Much number crunching and thousands of shots later, the team reached a recipe to simultaneously maximise extraction and produce espresso that would taste similar from one cup to the next.

"One way to optimise extraction and achieve reproducibility is to grind coarser and use a little less water, while another is to simply reduce the mass of coffee​," Hendon said.

Developing a model representative of espresso brewing was not a straightforward task. At a basic level, extraction yield depends on how water flows under pressure through a mass of coffee grounds. But that mass is made up of millions of individual grains of different shapes and sizes, jammed irregularly into a single filter bed.

"You would need more computing power than Google has to accurately solve the physics and transport equations of brewing on a geometry as intricate as a coffee bed​," said co-senior author Jamie M. Foster, a mathematician at the University of Portsmouth.

Enlightenment from electrochemistry

To get past this hurdle, the researchers drew on an unlikely source—electrochemistry—likening how caffeine and other molecules dissolve out of coffee grounds to how lithium ions move through the electrodes of a battery.

Borrowing modelling methodologies from battery work led to a rigorous coffee extraction model capable of making powerful and testable predictions.

Boosting the extraction yield through one or more of the routes illustrated by the model could also lead to economic gains for cafes and to sustainability benefits for the coffee industry as a whole.

For example, at the current price of roasted coffee beans, dropping the mass of dry coffee from 20 grams to 15 grams per beverage would add up to savings of a few thousand dollars per year for a small cafe. This would extend to US$1.1bn per year if scaled up to the whole US coffee industry.
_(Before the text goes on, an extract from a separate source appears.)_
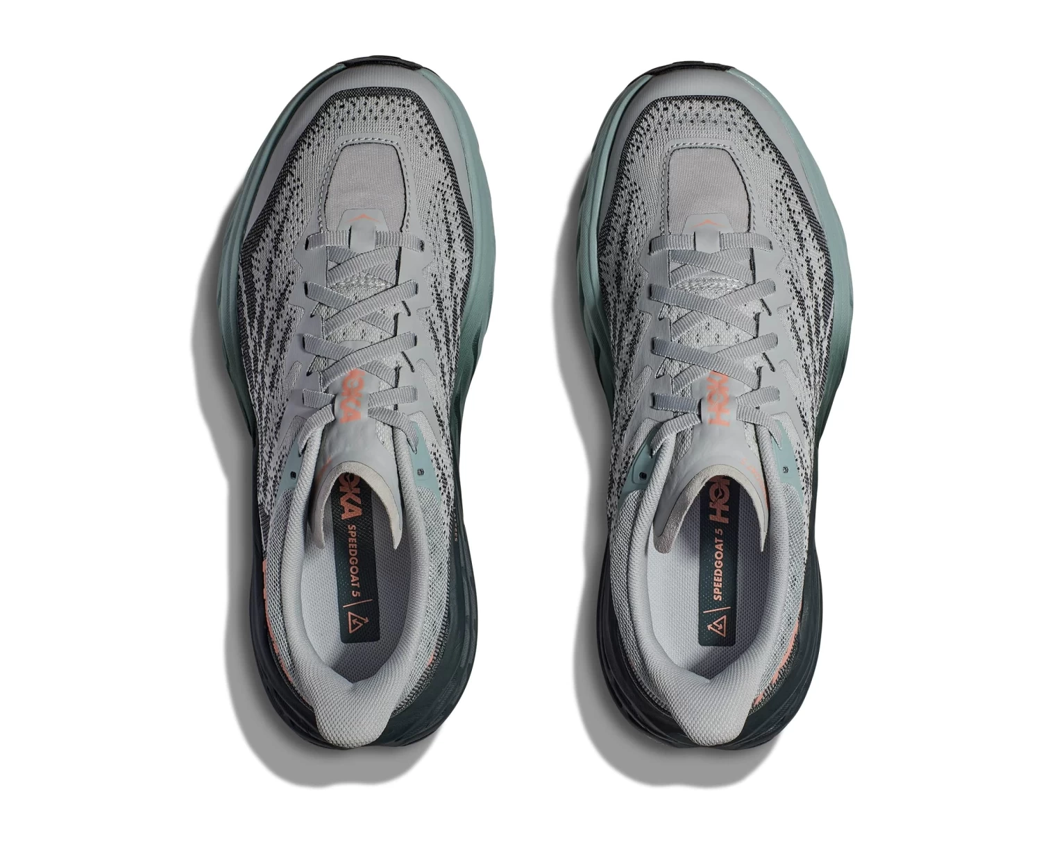 The Speedgoat 5 will have you feeling surefooted on the roughest of terrains. Featuring a new midsole that is lightweight and provides a more responsive ride with even more traction than before. The wider forefoot offers a more stable ride and an accommodating fit. The Vibram Megagrip rubber outsole provides exceptional grip in wet and dry conditions. The all-new updated upper brings this running package together providing breathability and overall comfort.Â

We can achieve the same result with 15 grams of coffee. It’s the same extraction yield and basically the same strength as well​,” said Cameron.
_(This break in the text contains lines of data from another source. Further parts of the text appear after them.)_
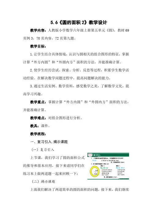 5.6《圆的面积2》教学设计教学内容:人教版小学数学六年级上册第五单元《圆》,教材69页例3,70页内容,72页第九题。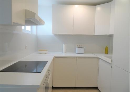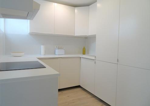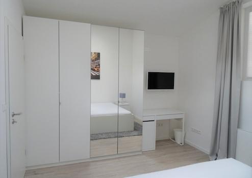 Design Vinylboden, moderne Badausstattung, moderne Einbauküche, Satelliten TV, schnelles Internet, volle Ausstattung bei möblierter Vermietung, TV-Geräte, Bettwäsche, Handtücher, Hausmeister, Dusche, Waschmaschine und Trockner,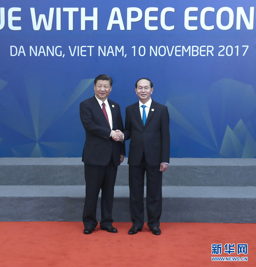 11月10日,國家主席習近平在越南峴港出席亞太經(jīng)合組織領(lǐng)導人同工商咨詢理事會代表對話會。這是對話會開始前,習近平受到越南國家主席陳大光的迎接。新華社記者 馬占成 攝

What the mathematical model has also shown us very clearly is the majority of your espresso extracts in seconds—even sub-seconds. The remaining brew time is essentially dilution​.”

Being more efficient with coffee bean usage would also reduce waste at a time when coffee supply is under threat from changing climate in historic production areas.

The researchers stress, however, that their results do not purport to reduce all of espresso making down to a single set of brewing conditions or to a lone flavour profile.

"Though there are clear strategies to reduce waste and improve reproducibility, there is no obvious optimal espresso point​," says Hendon.

"There is a tremendous dependency on the preferences of the person producing the coffee; we are elucidating the variables that they need to consider if they want to better navigate the parameter space of brewing espresso​."